EXERCISE INSTRUCTIONS
Retype the data below exactly, skipping pictures.

(Data entries)
------------------------------

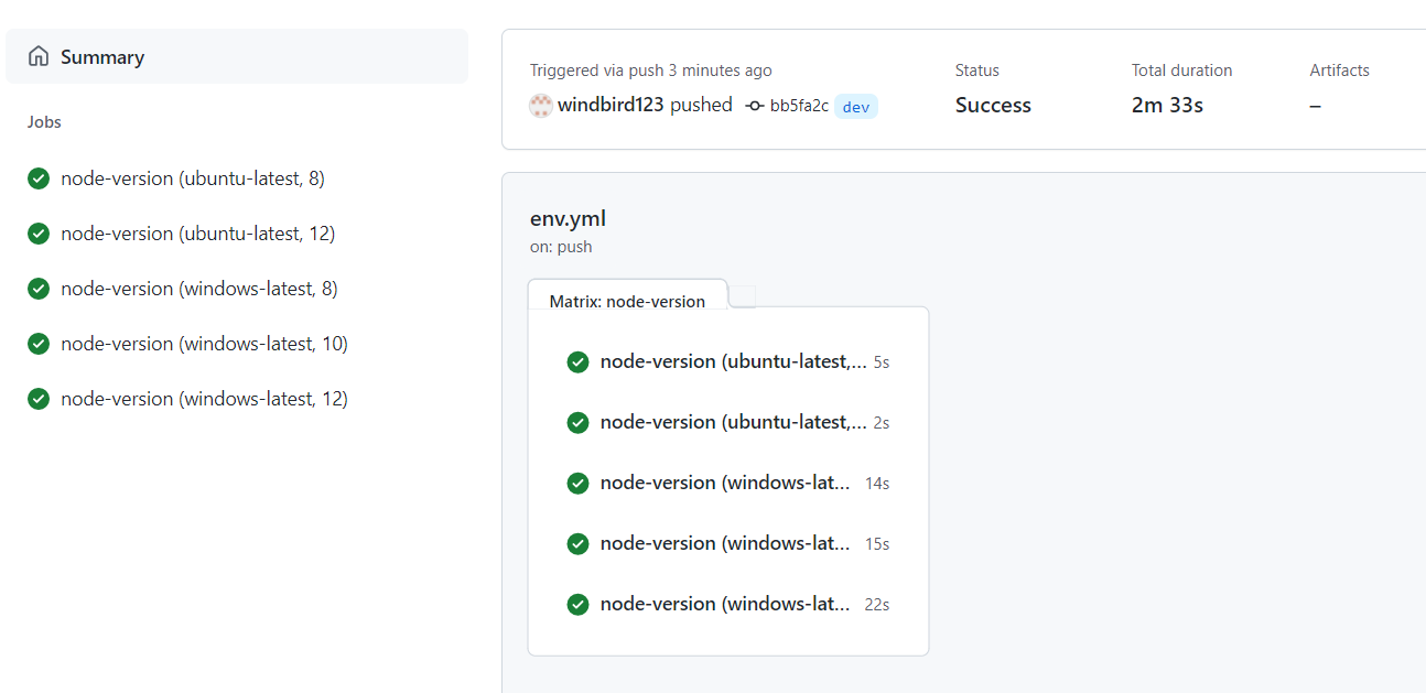 name: Matrix on: push jobs: node-version: strategy: matrix: os: [ubuntu-latest, windows-latest] node_version: [8, 10, 12] exclude: - os: ubuntu-latest node_version: 10 fail-fast: true max-parallel: 1 runs-on: ${{ matrix.os }} steps: - name: Log node version run: node -v - uses: actions/setup-node@v1 with: node-version: ${{ matrix.node_version }} - name: Log node version run: node -v결과
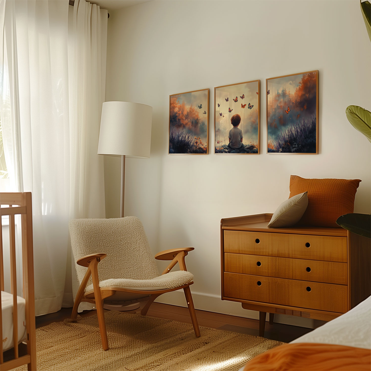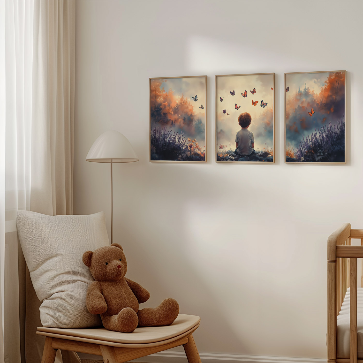 Terug naar collectie / Kinderkamer posters / Bloemen posters / Jongen tussen bloemen en vlinders – Dromerig landschap
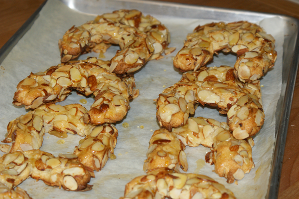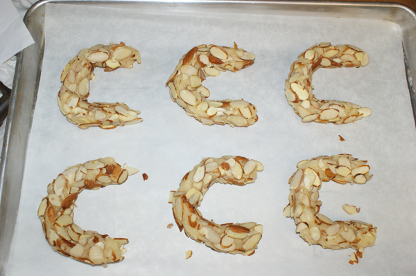 I'm not dead, it just feels that way. I spent the holidays either travelling or cooking for New Year's, so didn't get around to the challenge until 2012. I made a fatal error, as well, relying on memory instead of looking at the schedule. Thus, we have Almond Horns instead of Almond Buns.
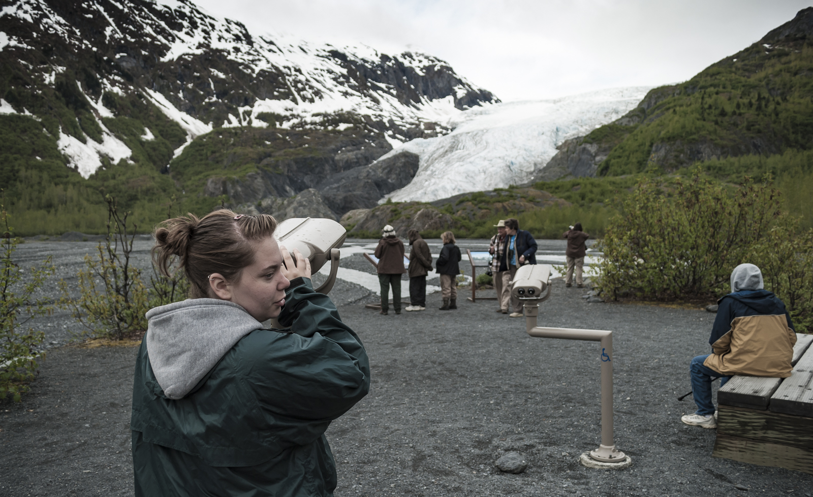 On this trip I traveled with my mom and niece, here we are out visiting Exit Glacier. My mom taking a break on the bench while my niece was checking out Exit via the telescope.
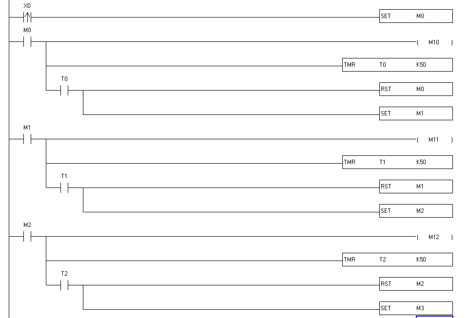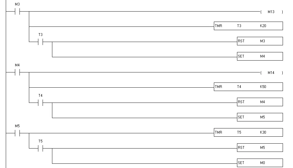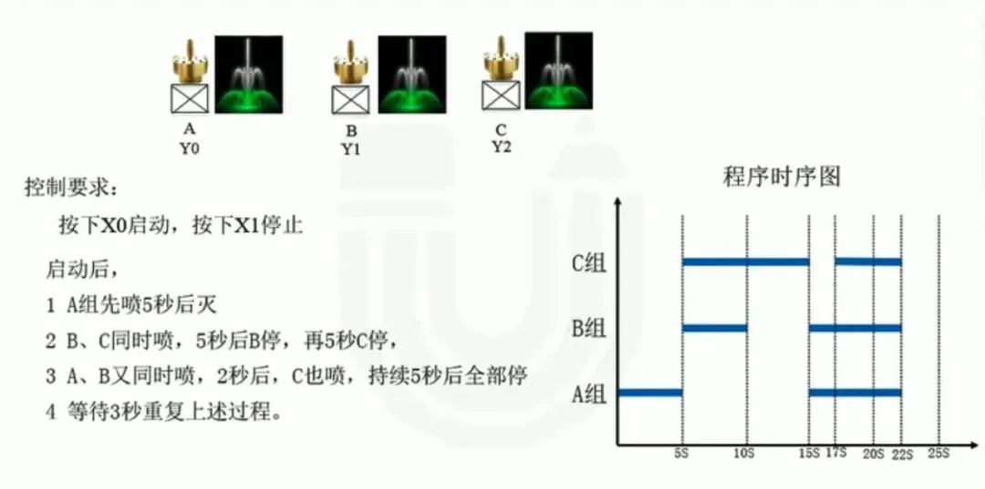 台达软件写的喷泉电路 三组喷泉控制电路: 控制要求: 按下X0启动,按下X1停止 启动后, 1 A组先喷5秒后灭 2 B、C同时喷,5秒后B停,再5秒C停,3 A、B又同时喷,2秒后,C也喷,持续5秒后全部停 4等待3秒重复上述过程。 控制电路如下:
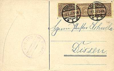Inlandspostkarte vom 03.01.1923 (11. Periode) frankiert mit 3 Marken a 5 Mark (=15 Mark) |
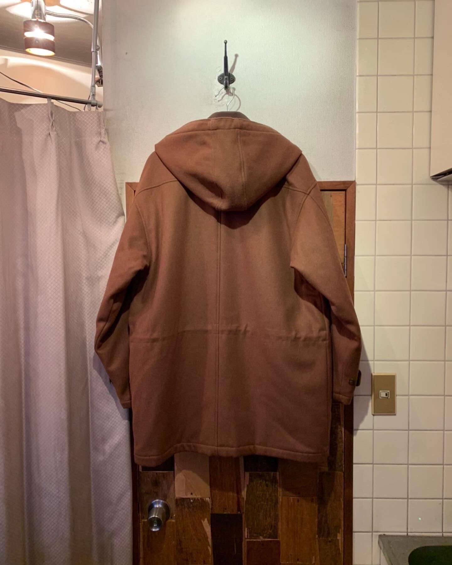 “PRACT STUDIO”「inner-quilting」dark brown wool/rayon design half-coat with hood
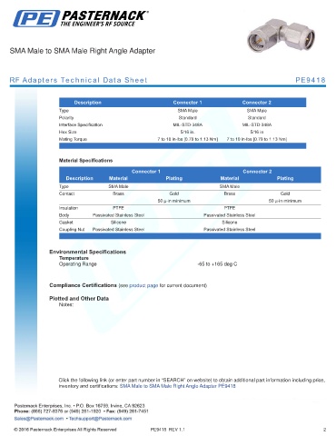 inventory and certifications: SMA Male to SMA Male Right Angle Adapter PE9418
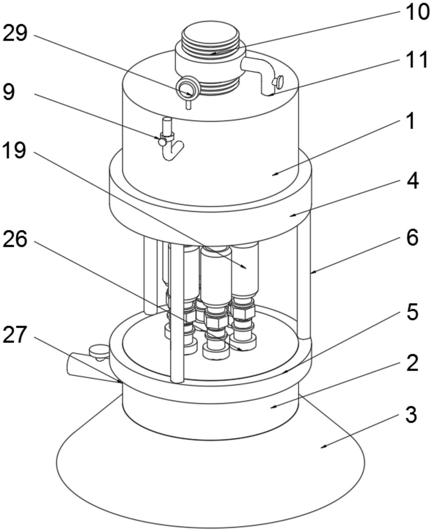 本实用新型公开了以活性炭对淀粉糖液的脱色装置,包括处理罐、储液罐和底座,所述处理罐的顶部开有加压口,与空气压缩机的输出口相连的加压管与加压口连通,所述处理罐的底部一侧开有等距离分布的第一导液口。本实用新型通过处理罐顶部设有的空气压缩机将气体通过加压管排入处理罐内,提高处理罐内的气压值,处理罐内的糖液受到气压的挤压,淀粉糖液通过第一导液口和外螺纹管接头挤入炭柱固定管的内部,通过炭柱固定管内的炭柱主体以便于给予淀粉糖液进行脱色,通过气压挤入的淀粉糖液以便于提高脱色效率,脱色效果好。
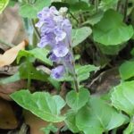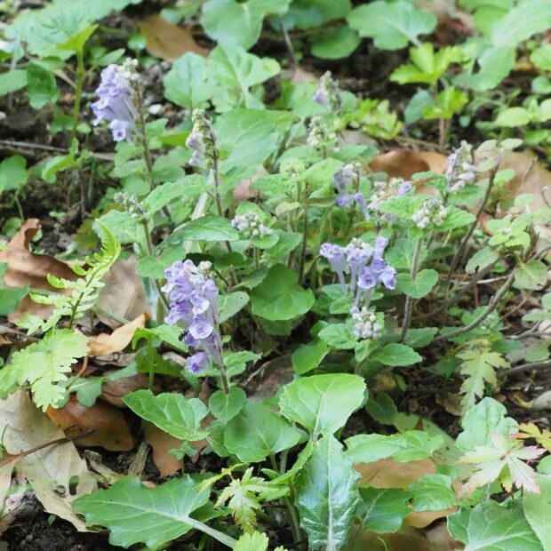 小さな帽子のような薄紫色の花をたくさん咲かせます。 葉には短い毛がたくさん生え、 ビロードような質感です。
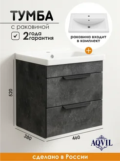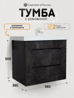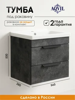 Тумба в ванную подвесная 56 см без раковины цемент темный
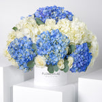 A combination of gorgeous white roses, white hydrangeas, blue hydrangeas and white wax complemented by Eucalyptus greens in a hatbox will make the perfect gift to welcome a baby boy.
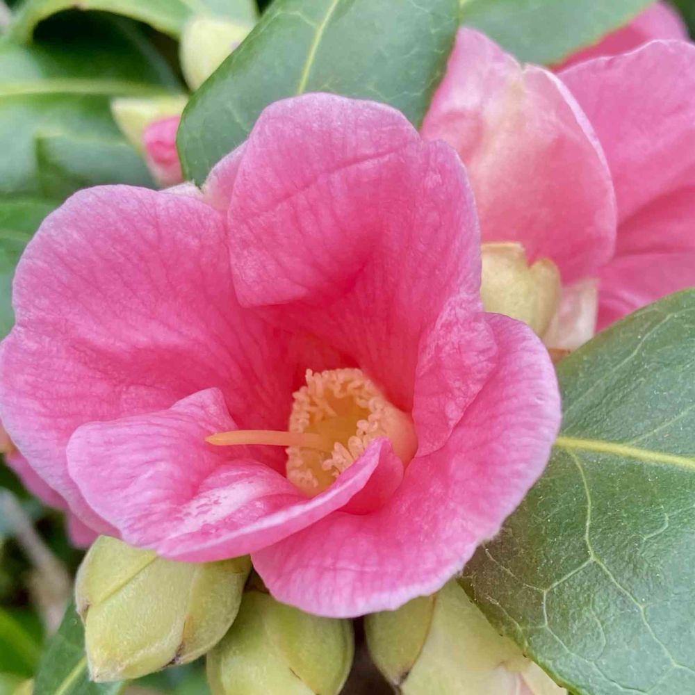 優しいピンク色が柔らかな表情のユキツバキ系のお花🌸🌸
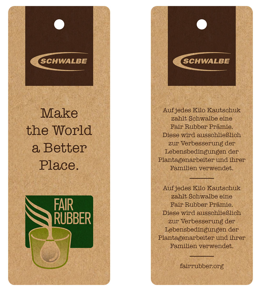 Il pneumatico Schwalbe Pick-Up, per cargo-bike e il Marathon E-Plus, specialista per le e-bike, sono i primi pneumatici per bicicletta prodotti con caucciù proveniente dal commercio equo-solidale. Schwalbe ha aderito alla Fair Rubber e. V., associazione che sostiene i raccoglitori di gomma naturale all’inizio della filiera. Sebbene il 70 percento del caucciù naturale trattato in tutto il mondo viene impiegato nell’industria dei pneumatici, Schwalbe finora è il primo produttore del settore ad essersi associato alla Fair Rubber e.V.
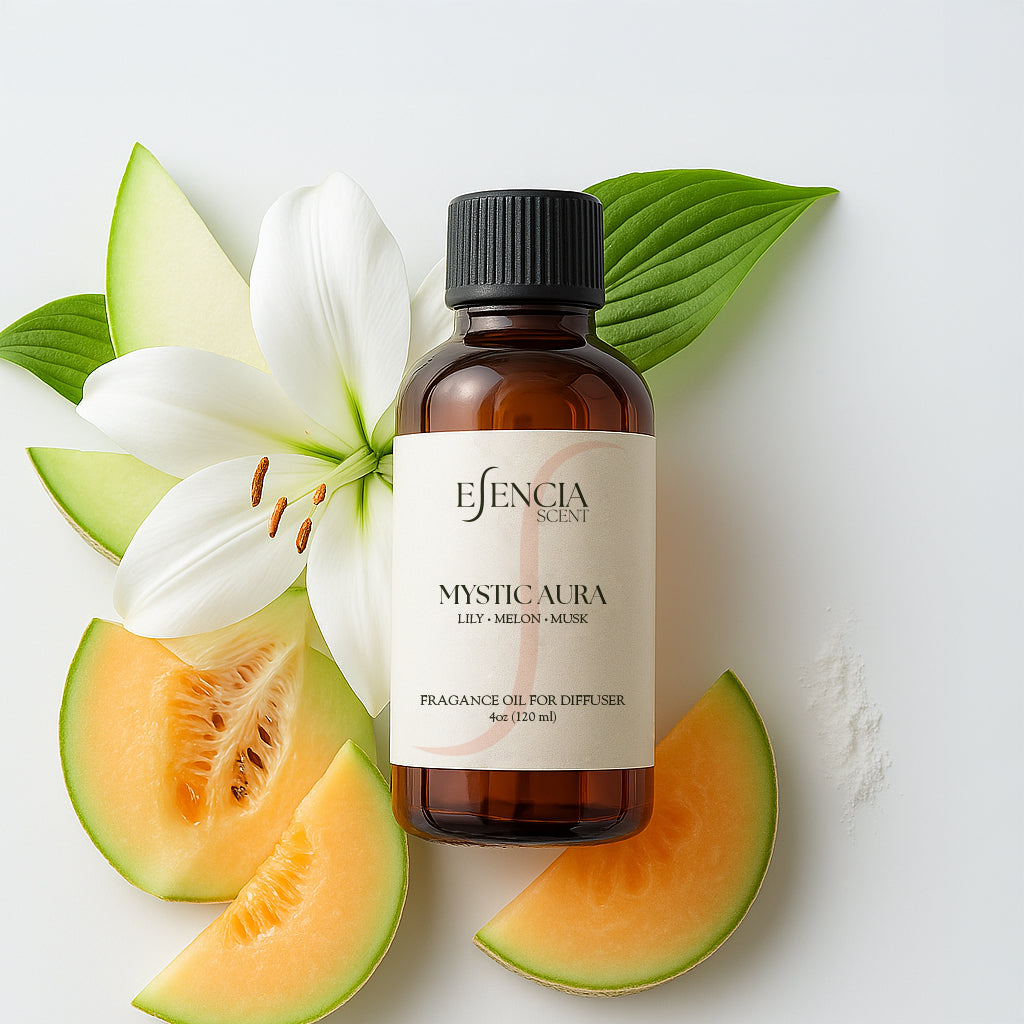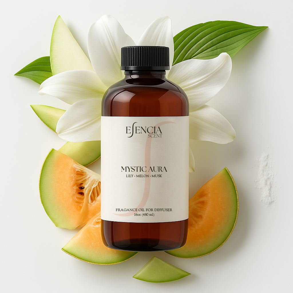 Mystic Aura by Esencia Scents brings a refreshing yet grounded scent that’s perfect for creating a calm space. Delicate notes of lily bring a soft floral feel, while juicy melon adds a splash of freshness. A smooth base of musk ties it all together, offering a subtle, long-lasting aroma that never overwhelms.
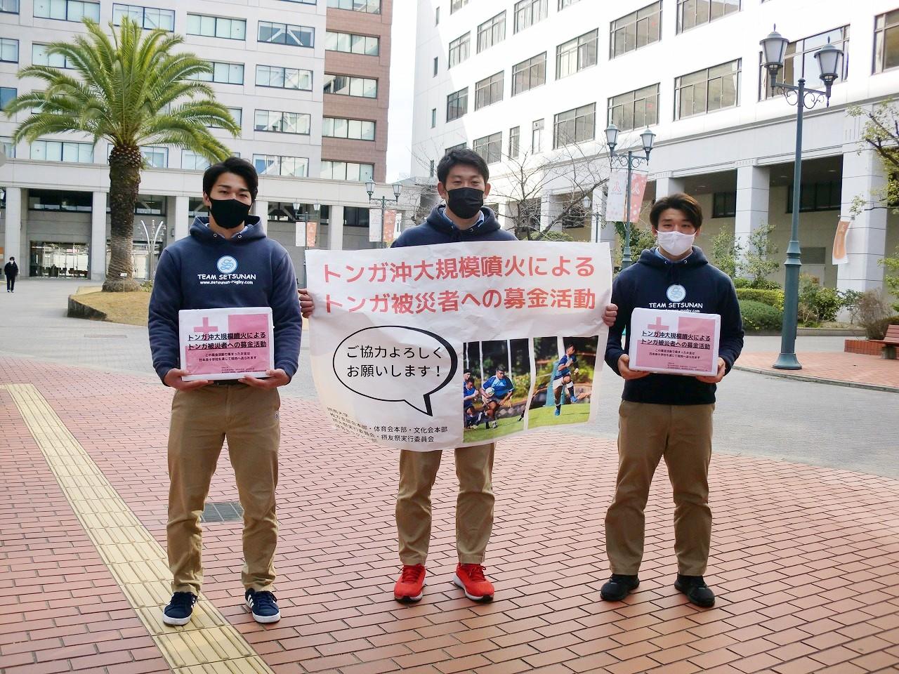 寝屋川キャンパスに練習拠点のある体育会ラグビー部にはトンガからの留学生が2人います。幸い彼らのご家族に被害は無かったものの、留学生の故郷トンガを少しでも応援したいと今回のプロジェクトが立ち上がりました。今後は、3月11日、17日、24日に京阪本線 寝屋川市駅前・香里園駅前・樟葉駅前での街頭募金を予定しています。集まった募金は日本赤十字社などへの全額寄付を通じて、現地支援へとつなげていきます。このプロジェクトは、枚方キャンパスの課外活動団体の学生が声を上げたものです。今回の募金活動をきっかけに被災地の復興をはじめ、寝屋川キャンパスと枚方キャンパスの課外活動団体の交流を深め、今後も互いに支え合い、応援し合う関係を構築していきます。
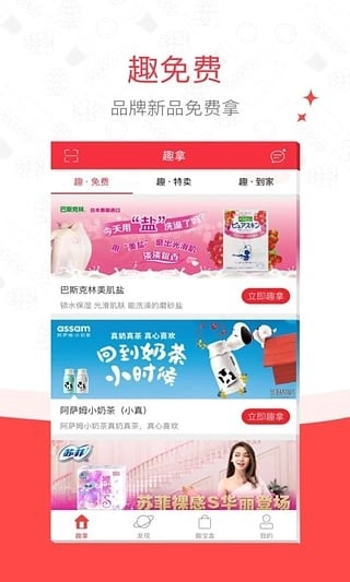 当下超火的二维码领实物移动应用来啦!想体验各品牌好物?想为喜欢的品牌打call?趣拿让你随心领!美食、潮玩、美妆、日用品,趣拿每周上新,周周都能领!
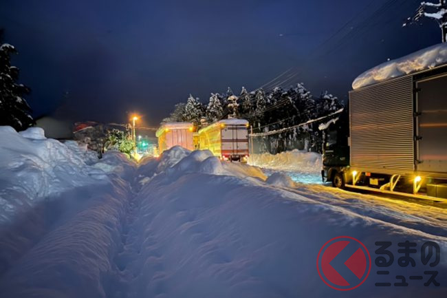 ![豪雪にともなう通行止めや集中除雪作業のため、広範囲な迂回指示にともなう交通集中が起こるなか、車両の立ち往生がきっかけの大規模な車両滞留もしばしば発生しています[画像はイメージです]](https://kuruma-news.jp/wp-content/uploads/2023/01/20230124_snow_drive_000.jpg?v=1674536397)
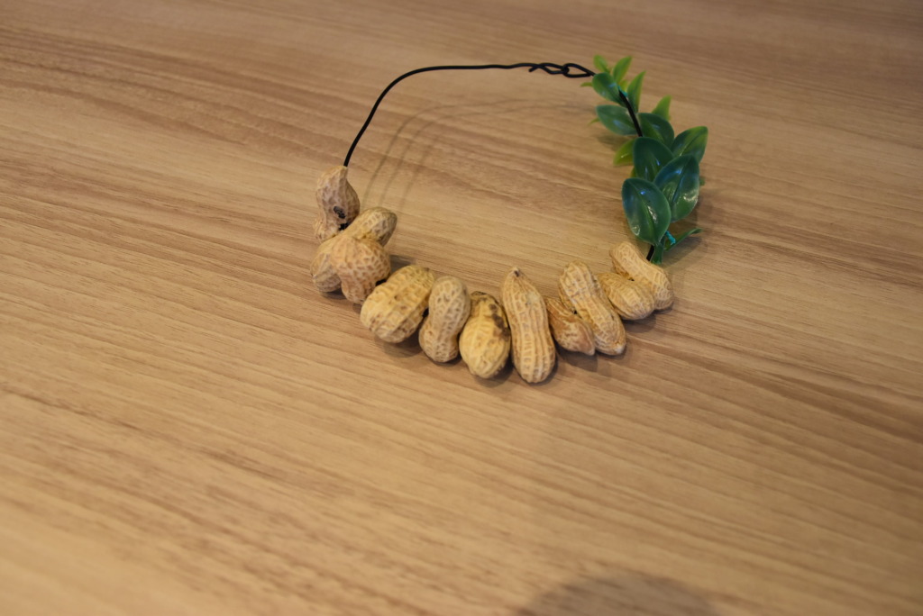 ピーナッツリースは森に餌が少なくなる12月から3月頃の鳥たちの楽しみです(^▽^)/ワイヤーに穴を空けた殻付きピーナッツを通します。ピーナッツの両端はカットし、鳥が突きやすいようにします。

------------------------------

TASK ANSWER
 name: Matrix on: push jobs: node-version: strategy: matrix: os: [ubuntu-latest, windows-latest] node_version: [8, 10, 12] exclude: - os: ubuntu-latest node_version: 10 fail-fast: true max-parallel: 1 runs-on: ${{ matrix.os }} steps: - name: Log node version run: node -v - uses: actions/setup-node@v1 with: node-version: ${{ matrix.node_version }} - name: Log node version run: node -v결과
 Terug naar collectie / Kinderkamer posters / Bloemen posters / Jongen tussen bloemen en vlinders – Dromerig landschap
 I'm not dead, it just feels that way. I spent the holidays either travelling or cooking for New Year's, so didn't get around to the challenge until 2012. I made a fatal error, as well, relying on memory instead of looking at the schedule. Thus, we have Almond Horns instead of Almond Buns.
 On this trip I traveled with my mom and niece, here we are out visiting Exit Glacier. My mom taking a break on the bench while my niece was checking out Exit via the telescope.
 台达软件写的喷泉电路 三组喷泉控制电路: 控制要求: 按下X0启动,按下X1停止 启动后, 1 A组先喷5秒后灭 2 B、C同时喷,5秒后B停,再5秒C停,3 A、B又同时喷,2秒后,C也喷,持续5秒后全部停 4等待3秒重复上述过程。 控制电路如下:
Inlandspostkarte vom 03.01.1923 (11. Periode) frankiert mit 3 Marken a 5 Mark (=15 Mark) |
 “PRACT STUDIO”「inner-quilting」dark brown wool/rayon design half-coat with hood
 inventory and certifications: SMA Male to SMA Male Right Angle Adapter PE9418
 本实用新型公开了以活性炭对淀粉糖液的脱色装置,包括处理罐、储液罐和底座,所述处理罐的顶部开有加压口,与空气压缩机的输出口相连的加压管与加压口连通,所述处理罐的底部一侧开有等距离分布的第一导液口。本实用新型通过处理罐顶部设有的空气压缩机将气体通过加压管排入处理罐内,提高处理罐内的气压值,处理罐内的糖液受到气压的挤压,淀粉糖液通过第一导液口和外螺纹管接头挤入炭柱固定管的内部,通过炭柱固定管内的炭柱主体以便于给予淀粉糖液进行脱色,通过气压挤入的淀粉糖液以便于提高脱色效率,脱色效果好。
 小さな帽子のような薄紫色の花をたくさん咲かせます。 葉には短い毛がたくさん生え、 ビロードような質感です。
 Тумба в ванную подвесная 56 см без раковины цемент темный
 A combination of gorgeous white roses, white hydrangeas, blue hydrangeas and white wax complemented by Eucalyptus greens in a hatbox will make the perfect gift to welcome a baby boy.
 優しいピンク色が柔らかな表情のユキツバキ系のお花🌸🌸
 Il pneumatico Schwalbe Pick-Up, per cargo-bike e il Marathon E-Plus, specialista per le e-bike, sono i primi pneumatici per bicicletta prodotti con caucciù proveniente dal commercio equo-solidale. Schwalbe ha aderito alla Fair Rubber e. V., associazione che sostiene i raccoglitori di gomma naturale all’inizio della filiera. Sebbene il 70 percento del caucciù naturale trattato in tutto il mondo viene impiegato nell’industria dei pneumatici, Schwalbe finora è il primo produttore del settore ad essersi associato alla Fair Rubber e.V.
 Mystic Aura by Esencia Scents brings a refreshing yet grounded scent that’s perfect for creating a calm space. Delicate notes of lily bring a soft floral feel, while juicy melon adds a splash of freshness. A smooth base of musk ties it all together, offering a subtle, long-lasting aroma that never overwhelms.
 寝屋川キャンパスに練習拠点のある体育会ラグビー部にはトンガからの留学生が2人います。幸い彼らのご家族に被害は無かったものの、留学生の故郷トンガを少しでも応援したいと今回のプロジェクトが立ち上がりました。今後は、3月11日、17日、24日に京阪本線 寝屋川市駅前・香里園駅前・樟葉駅前での街頭募金を予定しています。集まった募金は日本赤十字社などへの全額寄付を通じて、現地支援へとつなげていきます。このプロジェクトは、枚方キャンパスの課外活動団体の学生が声を上げたものです。今回の募金活動をきっかけに被災地の復興をはじめ、寝屋川キャンパスと枚方キャンパスの課外活動団体の交流を深め、今後も互いに支え合い、応援し合う関係を構築していきます。
 当下超火的二维码领实物移动应用来啦!想体验各品牌好物?想为喜欢的品牌打call?趣拿让你随心领!美食、潮玩、美妆、日用品,趣拿每周上新,周周都能领!
 ![豪雪にともなう通行止めや集中除雪作業のため、広範囲な迂回指示にともなう交通集中が起こるなか、車両の立ち往生がきっかけの大規模な車両滞留もしばしば発生しています[画像はイメージです]](https://kuruma-news.jp/wp-content/uploads/2023/01/20230124_snow_drive_000.jpg?v=1674536397)
 ピーナッツリースは森に餌が少なくなる12月から3月頃の鳥たちの楽しみです(^▽^)/ワイヤーに穴を空けた殻付きピーナッツを通します。ピーナッツの両端はカットし、鳥が突きやすいようにします。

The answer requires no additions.